Instructions for the task: Every line from the one with "Two eggs being" through the last line below should be repeated exactly; pictures stay out of the copy.

Raw data:
:::::

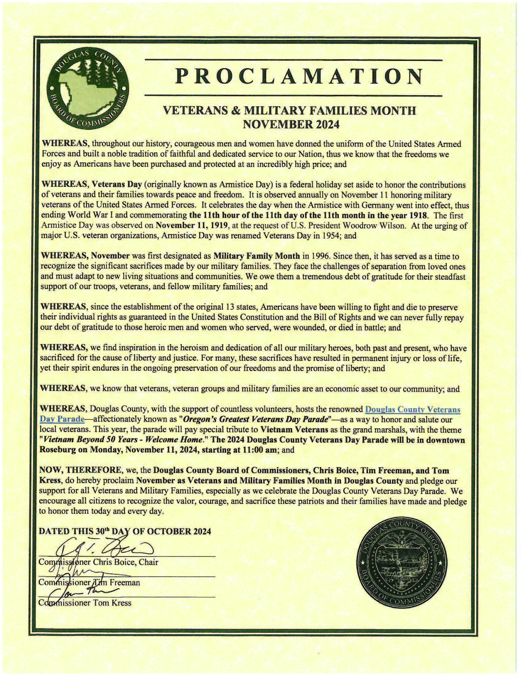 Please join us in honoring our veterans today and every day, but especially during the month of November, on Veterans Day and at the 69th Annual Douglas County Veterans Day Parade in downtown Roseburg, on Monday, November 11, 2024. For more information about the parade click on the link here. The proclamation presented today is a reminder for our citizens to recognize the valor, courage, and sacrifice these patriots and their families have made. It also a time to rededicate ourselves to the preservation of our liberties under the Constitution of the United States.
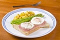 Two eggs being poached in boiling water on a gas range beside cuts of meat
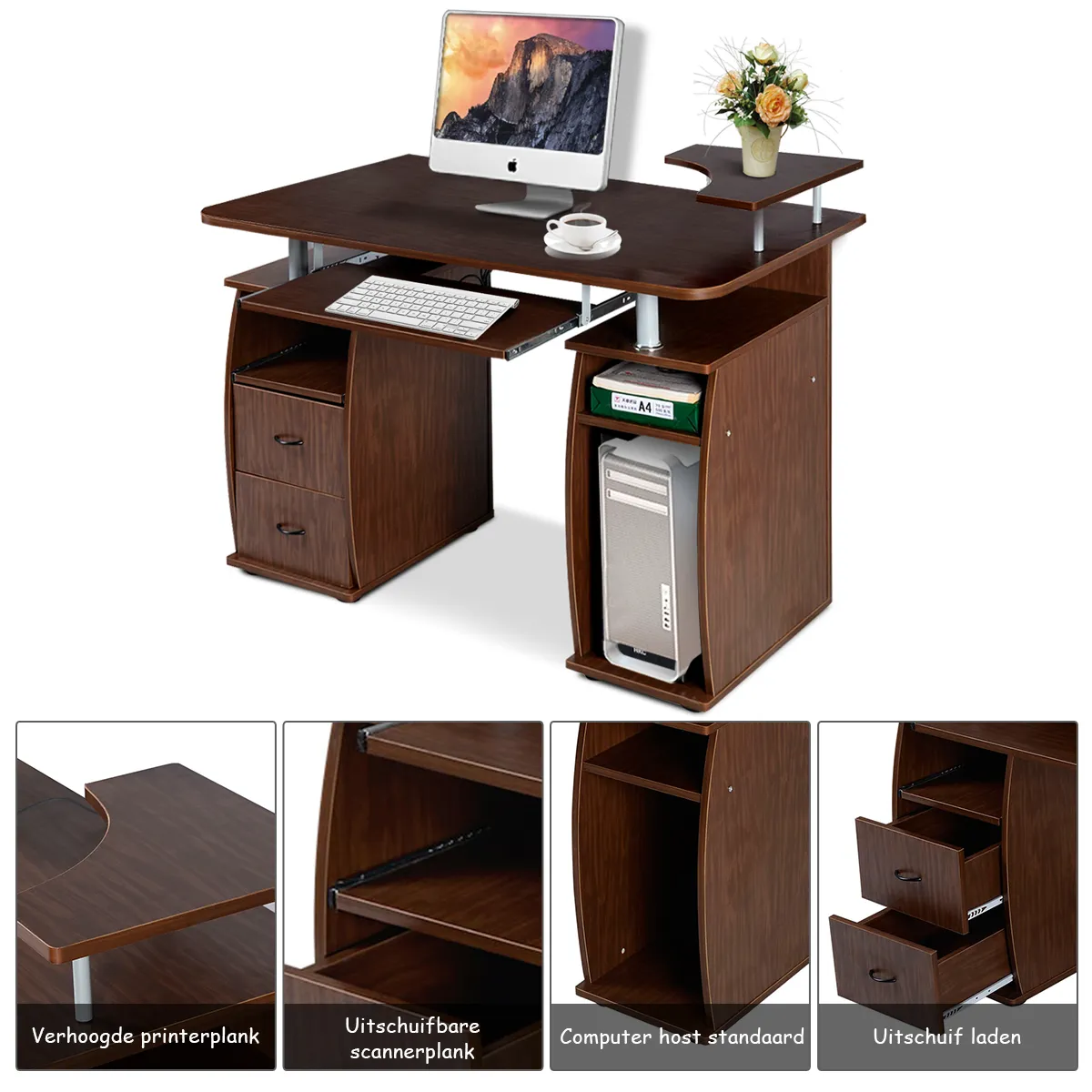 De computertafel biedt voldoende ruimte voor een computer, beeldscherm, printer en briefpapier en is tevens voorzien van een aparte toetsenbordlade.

:::::

Reply to the task:
 Two eggs being poached in boiling water on a gas range beside cuts of meat
 De computertafel biedt voldoende ruimte voor een computer, beeldscherm, printer en briefpapier en is tevens voorzien van een aparte toetsenbordlade.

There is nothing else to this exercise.